- Born: 1942
- Died: 22 April 2014 (aged 71–72)
- Occupation(s): paleobiologist, paleoclimatologist and paleohydrologist

= Françoise Gasse =

Françoise Gasse (/fr/; born 1942; died 22 April 2014) was a French paleobiologist, paleoclimatologist and paleohydrologist. She specialized in environmental phenomena and more specifically the study of lacustrine sediments from ancient lakes in Africa and Asia region. F. Gasse had special impact in starting the first research projects that aim at rebuilding paleoclimatic variations and Quaternary paleoenvironments in different regions and precisely: the Sahara and the Sahel, East Africa and Madagascar, Western (Caspian) and Southern (Tibet), and in the Middle East (Lebanon). She was a member of PAGES (Past Global Changes)/ The International Geosphere-Biosphere Programme.

== Career ==
She earned her PhD in geology in 1975 from the University of Paris with a thesis on the evolution of Lake Abhé.
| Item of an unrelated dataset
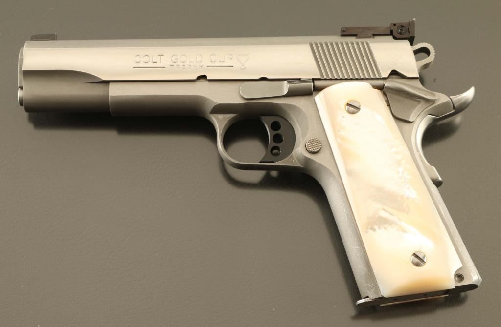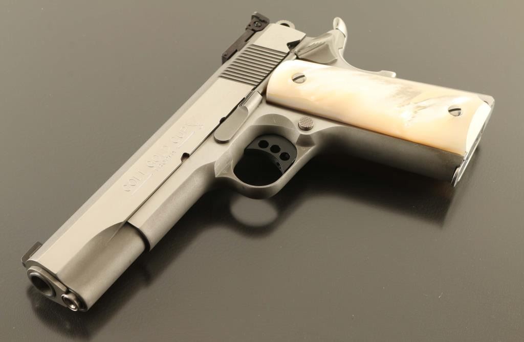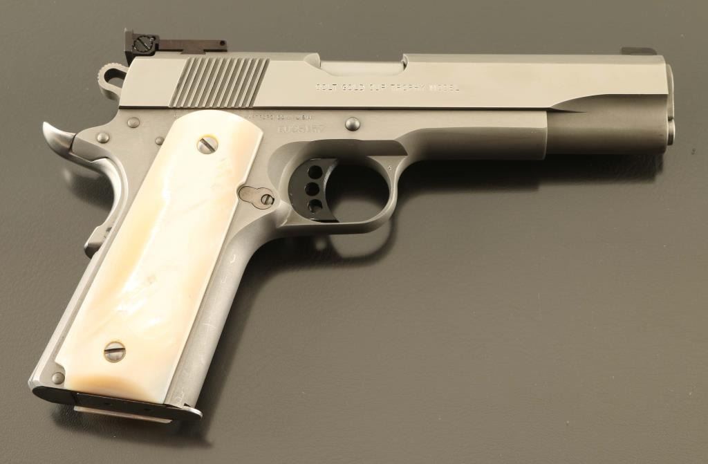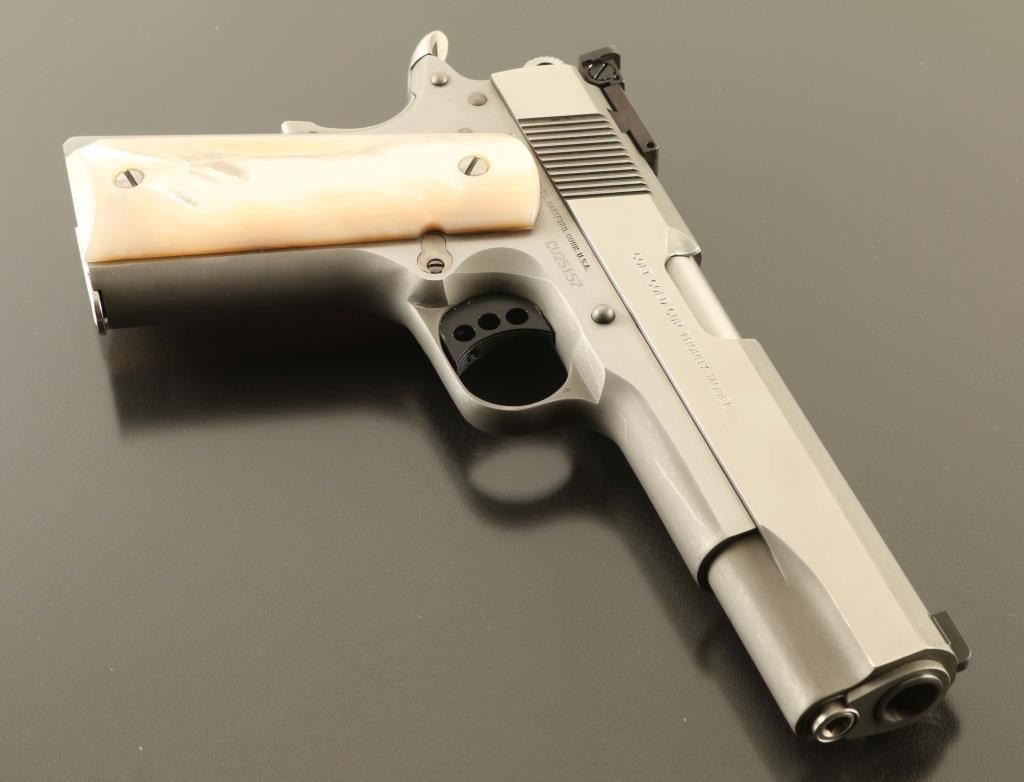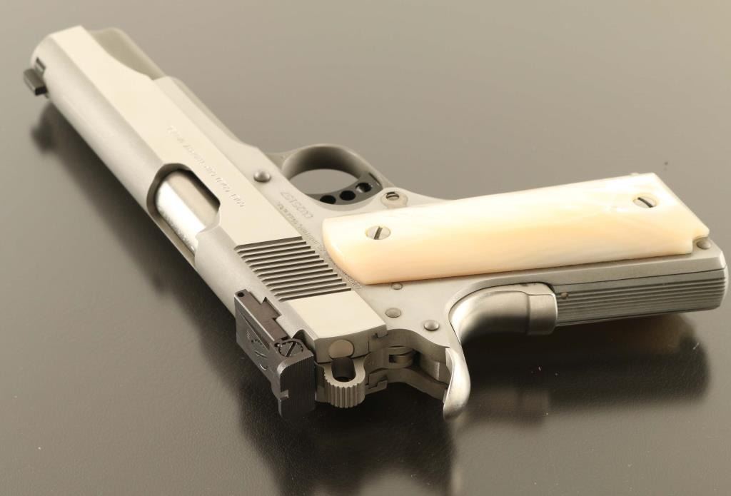 Stainless steel 1911A1 pattern single action semi-automatic target pistol chambered in .45 Auto, manufactured in Hartford, CT circa 2006. Features a matte finish with satin finished frame flats & bright polished slide flats, 5" N.M. barrel, dovetailed patridge front sight, full-adjustable Colt branded rear sight, serrated trigger adjustable for overtravel, skeletonized hammer, manual safety on the left side of the frame, upswept grip safety with memory bump, push button magazine release, 8 round magazine, serrated flat mainspring housing and genuine mother-of-pearl grips. Pistol exhibits light handling marks/superficial scratches with no major wear observed. Action is smooth, the bore is pristine and the mother-of-pearl grips are near fine showing some non- detrimental cracks in the left panel. This pistol was the former property of Pete at Little John's and he purportedly put an extra $3,500.00 in having it accurized. Condition is NRA Excellent. ***Modern Firearm***

Her work became the first continuous dated African Pliocene-Pleistocene diatom record. She entered the French National Centre for Scientific Research (CNRS) and joined the Hydrology and Isotope Geochemistry lab of the Paris-Sud University in 1986, under the direction of professor Jean-Charles Fontes. She moved to the Centre de Recherche et d’Enseignement de Géosciences de l’Environnement (CEREGE) in 1998.

In 2005 she became the first woman to receive the Vega Medal from the Swedish Society for Anthropology and Geography.

In 2010, she was awarded the Hans Oeschger Medal bestowed by the European Union of Geosciences for her "contribution to the reconstruction of climate variability during the Holocene from continental archives and to a better understanding of climate mechanisms involved during this period."